Extrusion product knowledge shows that the color of the extruded product has spots or yellowing
Q: Can you describe the most common sources for extruded product visual defects, such as black specks or gels, and what can be done to address them?
A: Degradation happens in slow-moving areas of the head and die, especially if the die is left full and hot for a long period of time. Resin with less thermal stability (less antioxidant) will degrade sooner. Thermal stability can be tested but is seldom part of a purchase spec. It is reduced if substantial regrind is used in the mix, but more antioxidant can be added as a concentrate, like colorants.
Drool on the external lip edges may be a cause, too, especially with blown film, where the die extrudes upward and the surface is horizontal.
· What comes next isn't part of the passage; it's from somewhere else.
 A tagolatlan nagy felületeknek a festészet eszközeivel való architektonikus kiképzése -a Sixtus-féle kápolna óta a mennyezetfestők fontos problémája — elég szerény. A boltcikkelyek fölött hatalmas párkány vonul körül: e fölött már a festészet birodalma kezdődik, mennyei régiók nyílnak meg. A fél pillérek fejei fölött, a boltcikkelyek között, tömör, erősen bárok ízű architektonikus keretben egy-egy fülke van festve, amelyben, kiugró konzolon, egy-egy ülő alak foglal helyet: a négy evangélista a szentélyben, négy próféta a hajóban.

Process aids and air directed at the emerging line will reduce drool.
Contaminated feed can introduce just about anything, but much can be caught on the screens, depending on the mesh used. For very fine filtration, sintered metal fiber screens are used. Screening will help with anything coming out of the screw, but not with what forms in the die.
True gels are cross-linked polymers in an early stage of overheat reaction—clear if the product is clear but maybe yellowed, and insoluble in solvents that dissolve the unreacted polymer. They may form anywhere, even in the screw, and get through the screens, where they may break up into gel "showers."